Il post di La Vardera

“Ringrazio l’assessore Volo per le rassicurazioni sul pronto soccorso. Quando il Governo fa bene, e offre risposte secche va riconosciuto”. Questo il contenuto del messaggio pubbblicato dal deputato regionale del gruppo di Cateno De Luca. Un messaggio che rappresenta, in queste ultime ore, l’unica esternazione pubblica di apprezzamento per l’operato dell’assessore del governo Schifani. Ma La Vardera, formalmente, starebbe all’opposizione. E i partiti di maggioranza come reagiscono di fronte alle stilettate dei sindacati, di fronte alle accuse dei rappresentanti dei laboratori? Un sostanziale silenzio intervallato, per lo più, da qualche nota vagamente critica.

Il report di Mario La Rocca

E i problemi arrivano in qualche caso anche dal passato. Al termine del suo incarico al Dasoe, il dirigente Mario La Rocca ha trasmesso un report: “Sento l’esigenza di dare compiuta rappresentazione della situazione del Bilancio Consolidato del Servizio Sanitario Regionale per le annualità 2022 e 2023, stante la rilevanza delle conseguenze che una sua mancata chiusura in pareggio avrebbero sul Bilancio della Regione – scrive La Rocca, nel suo atto di congedo -. Al riguardo, al fine di meglio rappresentare le conseguenze, anche sul piano politico di tale evenienza che, sin da subito si chiarisce, è stata scongiurata.
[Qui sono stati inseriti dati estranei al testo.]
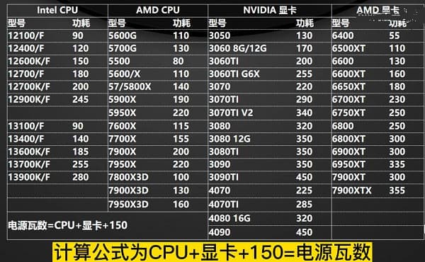 例如i5 8400是65W的功耗,GTX1066显卡是120W功耗,把所有配件的功耗加起来再加100W就是你需要的电源额定功耗
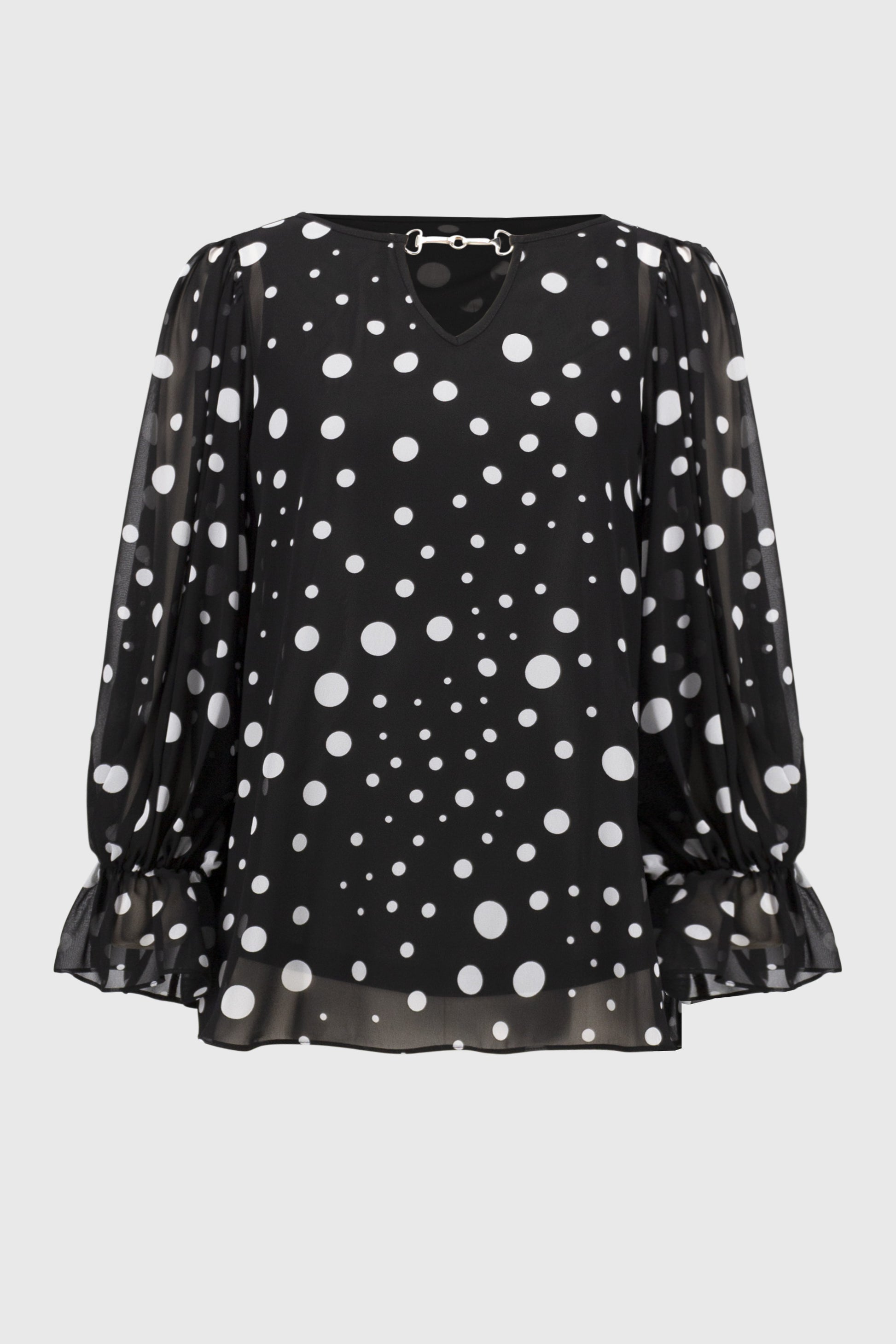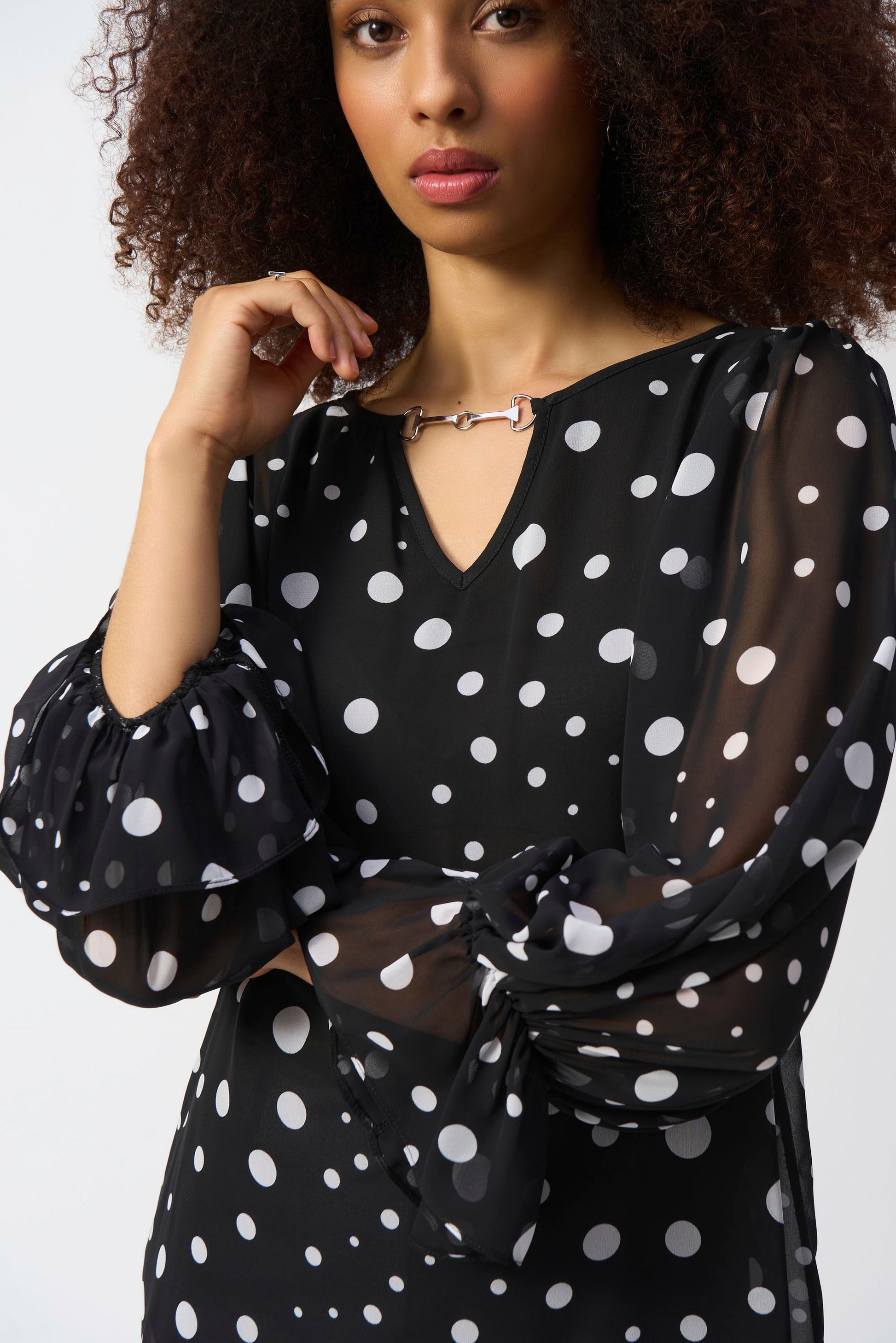 Scopri il mix perfetto tra chic e casual con questa casacca Joseph Ribkoff. Pensato sia per l ufficio che per le occasioni casual, presenta uno scollo a V e una vestibilità regolare fino ai fianchi. Il motivo a pois, il dettaglio del buco della serratura e la barra metallica aggiungono un tocco di eleganza, mentre le maniche lunghe a sbuffo assicurano un look elegante. Abbraccia il comfort e la raffinatezza senza sforzo con questo pezzo imperdibile.

I dati del monitoraggio del quarto trimestre 2022 che, al momento, sono in corso di verifica, denunciano un disavanzo di 248 milioni a causa dei costi straordinari Covid che ammontano per il 2022 a 439 milioni di euro. Tale disavanzo – precisa ancora La Rocca nel documento – inferiore per quasi 200 milioni di euro ai costi straordinari Covid, verrà coperto con le entrate straordinarie relative alle quote del mutuo sanità relative al 2019-2020-2021”. Insomma, ecco saltare fuori anche un “buco” nella Sanità siciliana.

Pagelle Lea

Come se non bastassero i problemi, ieri mattina è stata diffusa un’analisi condotta dalla Fondazione Gimbe dopo la pubblicazione da parte del dicastero di Lungotevere Ripa del ‘Monitoraggio dei Lea attraverso il Nuovo sistema di garanzia’ (Nsg), che valuta 22 indicatori suddivisi in tre aree: prevenzione collettiva e sanità pubblica, assistenza distrettuale e assistenza ospedaliera. La Sicilia viene bocciata sulla prevenzione e, secondo i nuovi sistemi di monitoraggio, la Regione risulta essere adesso inadempiente, per cui dovrà attenersi al piano rientro di previsto in questi casi. Un problema in più per l’assessore che nessuna sembra voler difendere.